* **Records for the exercise**
****************************************

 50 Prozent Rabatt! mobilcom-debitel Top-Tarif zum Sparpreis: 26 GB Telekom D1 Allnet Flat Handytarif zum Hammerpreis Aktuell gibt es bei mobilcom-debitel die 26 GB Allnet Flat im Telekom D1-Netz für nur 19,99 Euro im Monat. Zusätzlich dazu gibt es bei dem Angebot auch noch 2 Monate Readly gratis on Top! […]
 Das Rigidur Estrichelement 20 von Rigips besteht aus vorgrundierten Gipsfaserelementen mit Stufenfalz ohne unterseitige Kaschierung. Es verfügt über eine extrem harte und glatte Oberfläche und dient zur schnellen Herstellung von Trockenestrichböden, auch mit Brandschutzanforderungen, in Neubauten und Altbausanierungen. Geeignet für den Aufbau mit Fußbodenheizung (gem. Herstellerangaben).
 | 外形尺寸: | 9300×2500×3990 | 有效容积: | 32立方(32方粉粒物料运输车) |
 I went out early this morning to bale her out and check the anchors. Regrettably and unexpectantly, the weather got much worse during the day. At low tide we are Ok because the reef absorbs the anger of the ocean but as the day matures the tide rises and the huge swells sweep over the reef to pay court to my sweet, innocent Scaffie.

****************************************

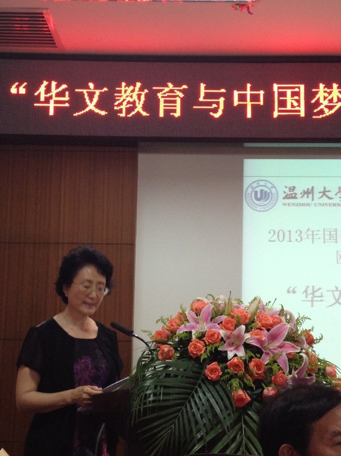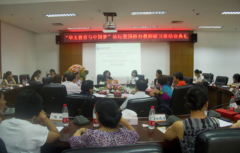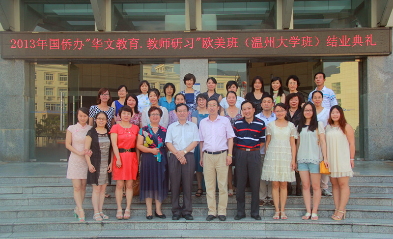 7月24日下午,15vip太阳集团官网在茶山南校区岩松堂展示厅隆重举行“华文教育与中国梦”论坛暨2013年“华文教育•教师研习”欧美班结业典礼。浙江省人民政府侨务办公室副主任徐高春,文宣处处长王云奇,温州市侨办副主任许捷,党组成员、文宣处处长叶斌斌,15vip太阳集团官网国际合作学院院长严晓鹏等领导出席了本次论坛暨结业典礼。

****************************************

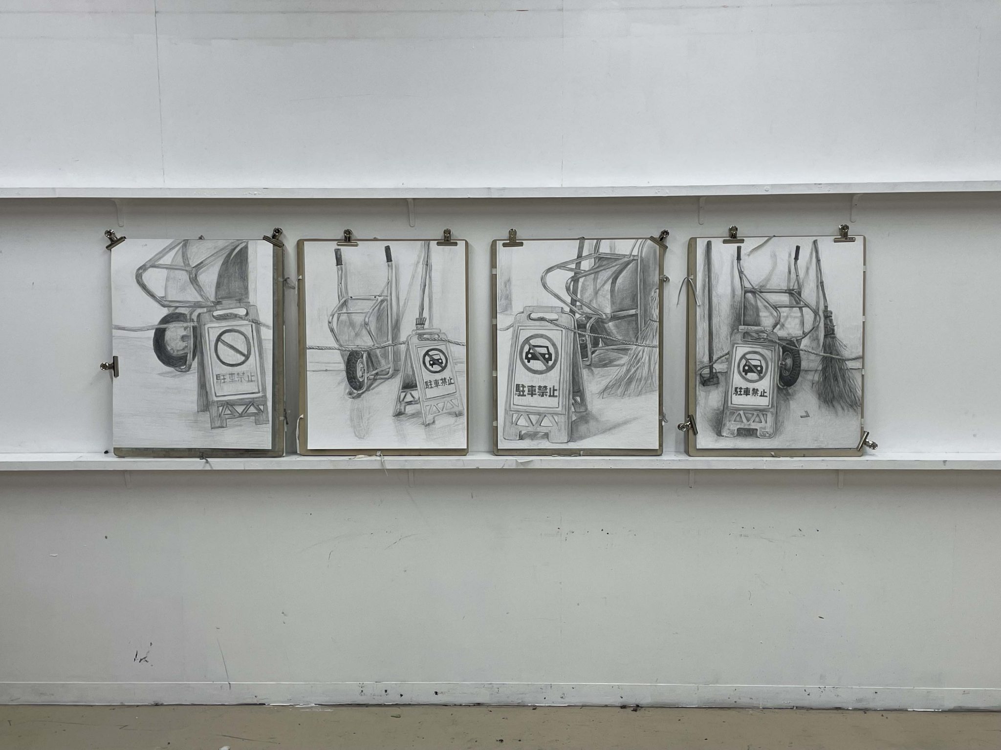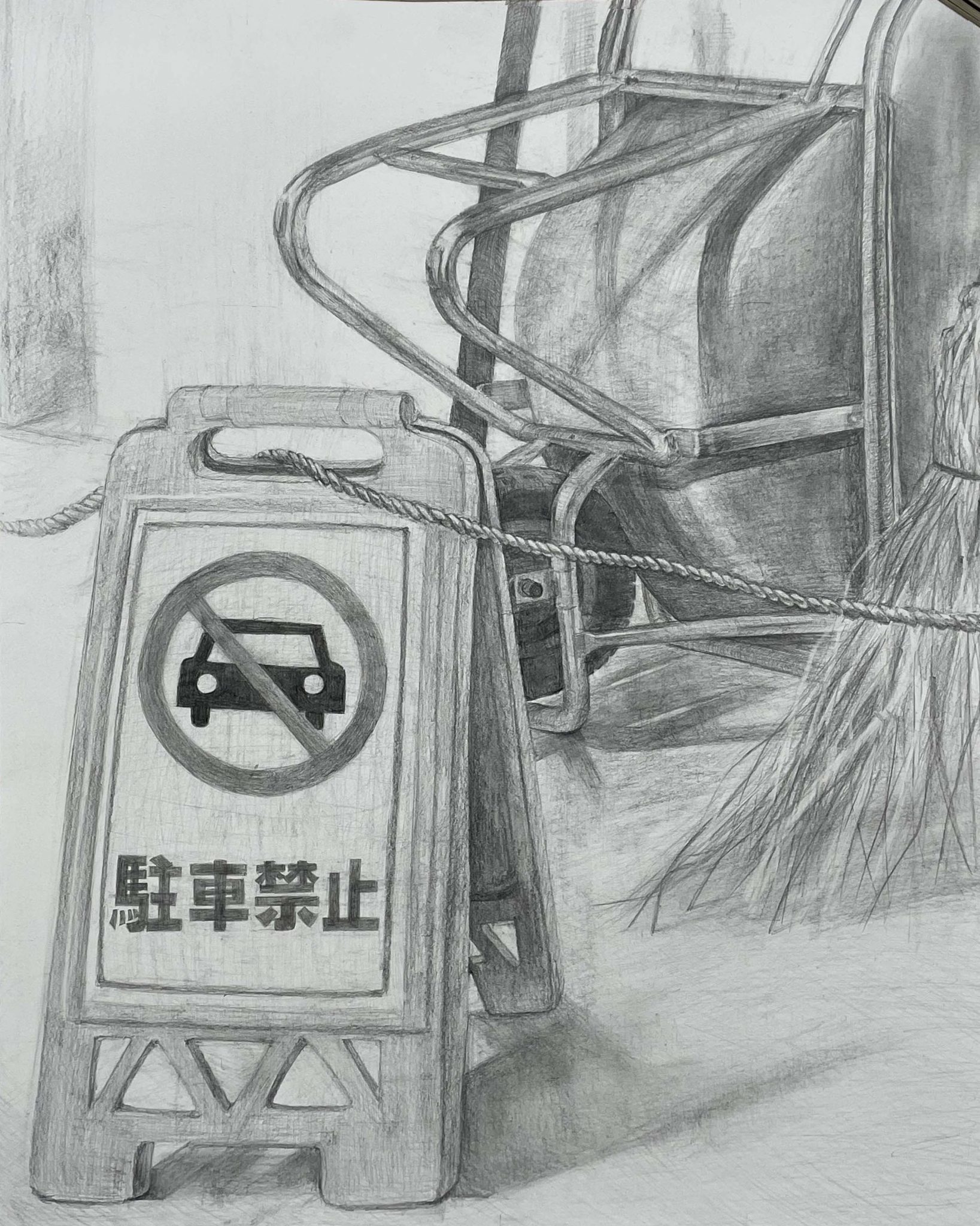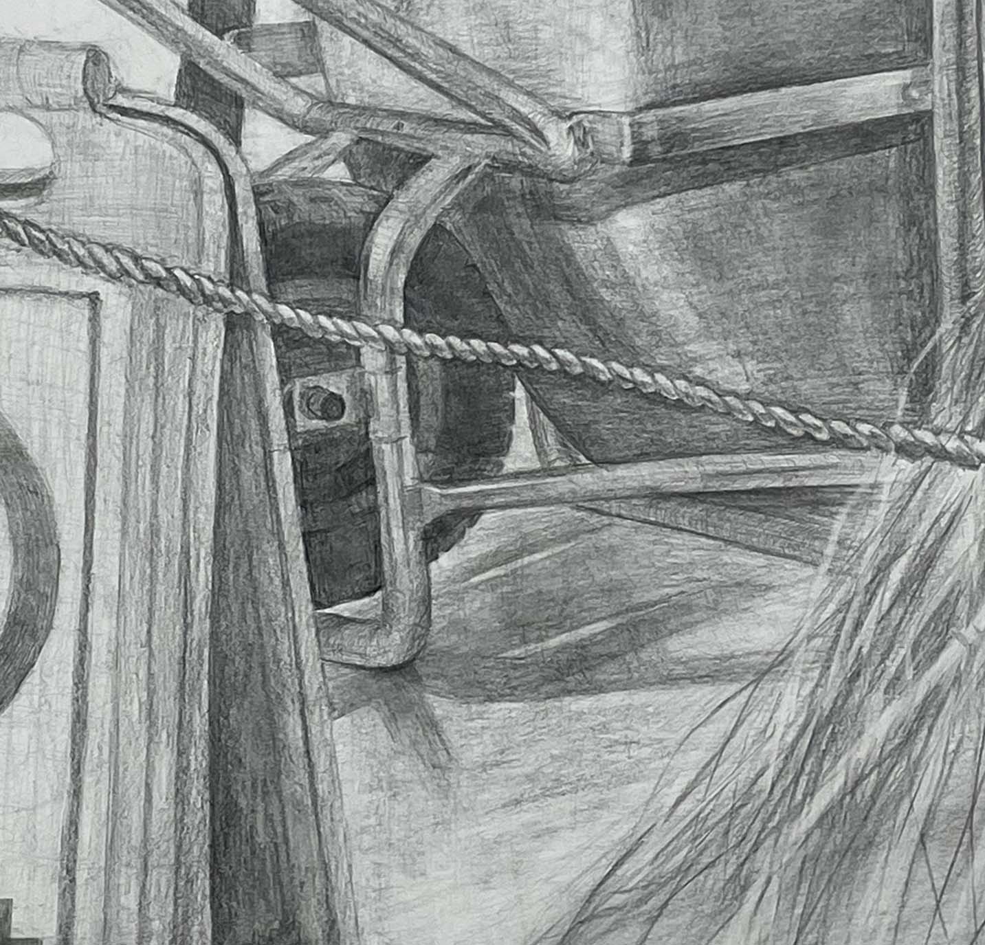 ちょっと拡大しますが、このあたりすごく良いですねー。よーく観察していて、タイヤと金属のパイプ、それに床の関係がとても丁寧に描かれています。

****************************************

* **Exercise details**
Print again the lines of the entries above that fall between the line holding "有效容积: | 32立方(32方粉粒物料运输车) |" and the line holding "I went out early", inclusive, exactly as they stand.

* **Expected answer**
 | 外形尺寸: | 9300×2500×3990 | 有效容积: | 32立方(32方粉粒物料运输车) |
 I went out early this morning to bale her out and check the anchors. Regrettably and unexpectantly, the weather got much worse during the day. At low tide we are Ok because the reef absorbs the anger of the ocean but as the day matures the tide rises and the huge swells sweep over the reef to pay court to my sweet, innocent Scaffie.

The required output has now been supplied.